Are you now going to get very concerned that there is not wholesale access to Ngamatea Station or Mt Linton Station. Both freehold land where the owners actively restrict access. …….I didn't think so……
Maori are not restricting access. They have a work programme of removing huts. Please do not conflate access with camping in a hut.
"Because it has a board made up of a majority of Maori and with appointments from Minister of Conservation. "
That doesn't make it not co-governance.
"Co-governance of Te Urewera is not understood by Tūhoe as the end goal, but is a stepping stone towards a resumption of authority that Tūhoe never agreed to lose."
So Tuhoe themselves accepted the arrangement was co-governance.
"What is that is concerning, from my angle it seems you do not wish to allow any group of Maori hold to their own land if it means exercising all the powers that they are entitled to."
Legally it is not their land. This is the point you don't seem to grasp. Te Urewera owns itself. Rightly or wrongly, that is what the treaty settlement determined.
You are fixated on co-governance. What is this all about?
Could you call it Mana Motuhake as that is what Tuhoe call it. Then we will know you are not using co-governance as some sort dog whistle to nay sayers about the concept. That is my great concern that people are holding up Tuhoe and saying we don't this so therefore as we don't like this we also don't want any other permutation. Which of course is rubbish if you don't understand the background.
Te Urewera is a 'The fee simple estate in the establishment land vests in Te Urewera and is held under, and in accordance with, this Act.
The management regime is by a board with majority Tuhoe appointments. The remining 3 are appointed by the minister of Conservation and are not DoC people.

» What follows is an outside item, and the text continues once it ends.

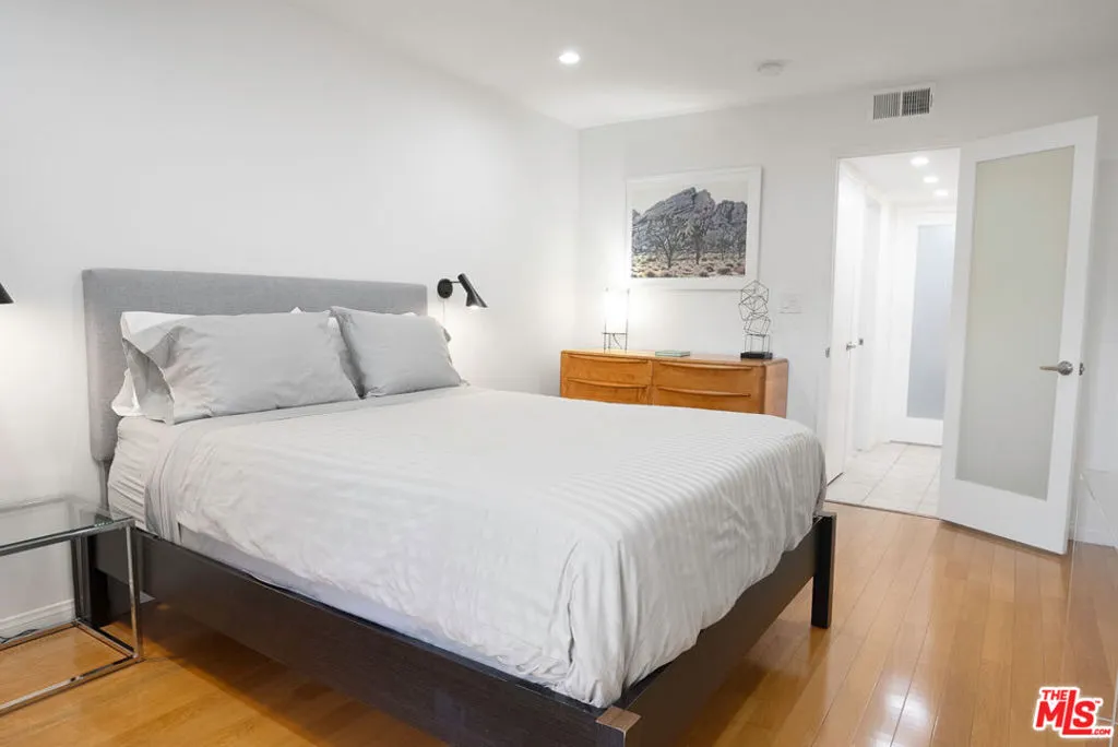 Stunning Mid Century renovated architectural, steps to Montana Ave! Unique Light & Bright top floor unit features vaulted ceilings, clerestory windows, hardwood & tile flooring, recessed lighting, quartz countertops, fireplace, central air & heat, full size washer & dryer -(inside unit). New designer kitchen sparkles with Walker Zanger Tile, new Bosch@ dishwasher, new quartz countertops, new Samsung@ fridge new sink, new disposal, new plumbing. Huge 1 bed, 1 bath with large closets. Additional luxuries include -two designated tandem parking spaces in a secure garage with storage. All windows are double pained for great insulation. Serene outdoor terrace with large sliding doors from the bedroom & living room create a perfect indoor - outdoor flow. 12 blocks to THE BEACH, quiet 10 unit building. Faces South and North. Earthquake insurance included in the low HOA dues. NO rental restrictions! Recent HOA upgrades include: new hot water heater, new garage gate motor, new balconies, new structural reinforcement, new main sewer-line! A rare unit in the best neighborhood! ( dining room light fixure and TV's not included in sale).

Sections 3.4, 5 of the Act are important.
Te Urewera
Tūhoe and the Crown: shared views and intentions
(9)
Tūhoe and the Crown share the view that Te Urewera should have legal recognition in its own right, with the responsibilities for its care and conservation set out in the law of New Zealand. To this end, Tūhoe and the Crown have together taken a unique approach, as set out in this Act, to protecting Te Urewera in a way that reflects New Zealand’s culture and values.
(10)
The Crown and Tūhoe intend this Act to contribute to resolving the grief of Tūhoe and to strengthening and maintaining the connection between Tūhoe and Te Urewera.'
I think that vesting an entity away from NP, crown land etc and appointing a majority board is very close to saying it is administered/controlled by this board, …..as it should be.
The Board must consider and provide appropriately for the relationship of iwi and hapū and their culture and traditions with Te Urewera when making decisions, including—
Many areas of Maori owned land/Incorporations have management committees but no-one says that the owners sitting behind those chosen to be on a committee have lost all connection with the land
The board has members appointed by the trustees of Tūhoe Te Uru Taumatua
'Te Uru Taumatua represents the Tūhoe nation and the lands and wealth held in common for Tūhoe. The purpose of the Governing Board of Te Uru Taumatua is to lead and serve the cultural permanency and prosperity of Tūhoetana by unlocking the unity potential of Mana Motuhake. Advancing Tūhoe social and economic development in a way that is distinctively Tūhoe recognises that we will build the Tūhoe nation with our minds, our hearts and our hands.
Your Board is committed to getting the best and right skills, advice and expertise from within Tūhoe and outside. Tūhoe settlement assets and resources must be preserved and grown to support our development now and into the future. Tūhoe culture and heritage pathways must be directed and grown with this development.
This Board works for Tūhoe and on behalf of Tūhoe'.
You are splitting hairs when you say that the people of Tuhoe have no interest in the land…that they cannot call it 'their' land. Maori hold land interest very differently to the way land is held in the European system, Joint ownership is all, individualism is not.
Over the course of this discussion I have linked to the legislation the settlement, the management documents of Tuhoe. You have let all these drift over you preferring 'gotchas' from ignorant MSM or dated commentaries.
Why is this?
I am coming to the view that your interest is not in acquiring knowledge and therefore learning things about how different people in NZ structure their affairs.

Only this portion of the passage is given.